Download or read book Convicts written by Clare Anderson and published by Cambridge University Press. This book was released on 2022-01-13 with total page 493 pages. Available in PDF, EPUB and Kindle. Book excerpt: Clare Anderson provides a radical new reading of histories of empire and nation, showing that the history of punishment is not connected solely to the emergence of prisons and penitentiaries, but to histories of governance, occupation, and global connections across the world. Exploring punitive mobility to islands, colonies, and remote inland and border regions over a period of five centuries, she proposes a close and enduring connection between punishment, governance, repression, and nation and empire building, and reveals how states, imperial powers, and trading companies used convicts to satisfy various geo-political and social ambitions.

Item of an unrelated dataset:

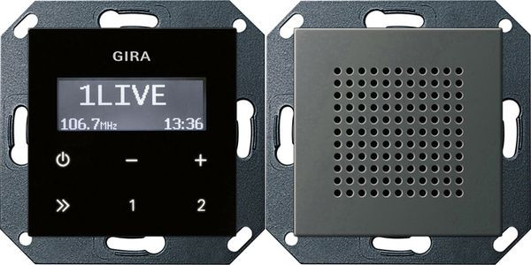 Unterputz-Radio RDS mit einem Lautsprecher Bedienaufsatz in Schwarzglasoptik Edelstahl Merkmale: - UKW-Radio mit RDS-Anzeige zur Unterputz-Montage. - Das Unterputz-Radio RDS besteht aus einem Einsatz Radio mit Bedienaufsatz und einem Einsatz Lautsprecher mit Abdeckung. - Der Einsatz Radio ist kompakt in einem Unterputz-Einsatz untergebracht und kann somit in eine einzelne Gerätedose installiert werden. - Der Lautsprecher kann mit dem Einsatz Radio in einer Kombination oder auch abgesetzt in eine Gerätedose installiert werden. An den Einsatz Radio können zwei Lautsprecher angeschlossen werden. - Das Radio erkennt angeschlossene Lautsprecher automatisch und schaltet zwischen Stereo- und Monobetrieb um. - Das Display des Bedienaufsatzes zeigt bei einem entsprechenden RDS-Signal den Sendernamen, die Sendefrequenz und die Uhrzeit an. - Die Bedienung des Radios erfolgt über die kapazitiven Tasten des Bedienaufsatzes. Zur Bedienung ist lediglich eine leichte Berührung der Symbole notwendig. - Das Unterputz-Radio RDS verfügt über zwei Speicherplätze, auf denen je ein Sender einfach per Tastenbetätigung gespeichert und abgerufen werden kann. - Über den Nebenstelleneingang kann das Radio z. B. mit einem Lichtschalter oder einem Automatikschalter zusammen mit der Raumbeleuchtung eingeschaltet werden. - Über den Stereo-AUX-Eingang des Radios können externe Audioquellen, z. B. MP3-Player, in das Radio eingespeist werden. Zum Anschluss der externen Audioquelle wird zusätzlich ein Einsatz Cinch-Audio benötigt, welcher an die AUX-Klemmen des Einsatzes Radio angeschlossen wird. - Der Einsatz Dockingstation wird zur Musikwiedergabe direkt an den Stereo-AUX-Eingang angeschlossen. - Im Sleep-Modus schaltet das Radio 30 Minuten nach dem Einschalten automatisch wieder aus. Hinweise : - In Kombination mit weiteren elektronischen Geräten unter einer gemeinsamen Abdeckung kann es zu Empfangsbeeinträchtigungen kommen.
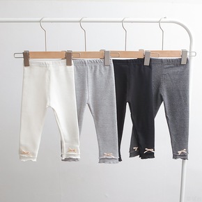 夏款韩版纯棉童裤男女童休闲打底裤提花网眼拉条防蚊裤...

Punitive mobility became intertwined with other forms of labour bondage, including enslavement, with convicts a key source of unfree labour that could be used to occupy territories. Far from passive subjects, however, convicts manifested their agency in various forms, including the extension of political ideology and cultural transfer, and vital contributions to contemporary knowledge production.
Download or read book The Legacy of Indian Indenture written by Maurits S. Hassankhan and published by Taylor & Francis. This book was released on 2016-11-10 with total page 306 pages. Available in PDF, EPUB and Kindle. Book excerpt: This book is the second publication originating from the conference Legacy of Slavery and Indentured Labour: Past, present and future, which was organised in June 2013, by the Institute of Graduate Studies and Research (IGSR), Anton de Kom University of Suriname. Please note: Taylor & Francis does not sell or distribute the Hardback in India, Pakistan, Nepal, Bhutan, Bangladesh and Sri Lanka
Download or read book Mutiny and Maritime Radicalism in the Age of Revolution written by Clare Anderson and published by Cambridge University Press. This book was released on 2013-12-19 with total page 289 pages. Available in PDF, EPUB and Kindle. Book excerpt: This volume explores mutiny and maritime radicalism in its full geographic extent during the Age of Revolution.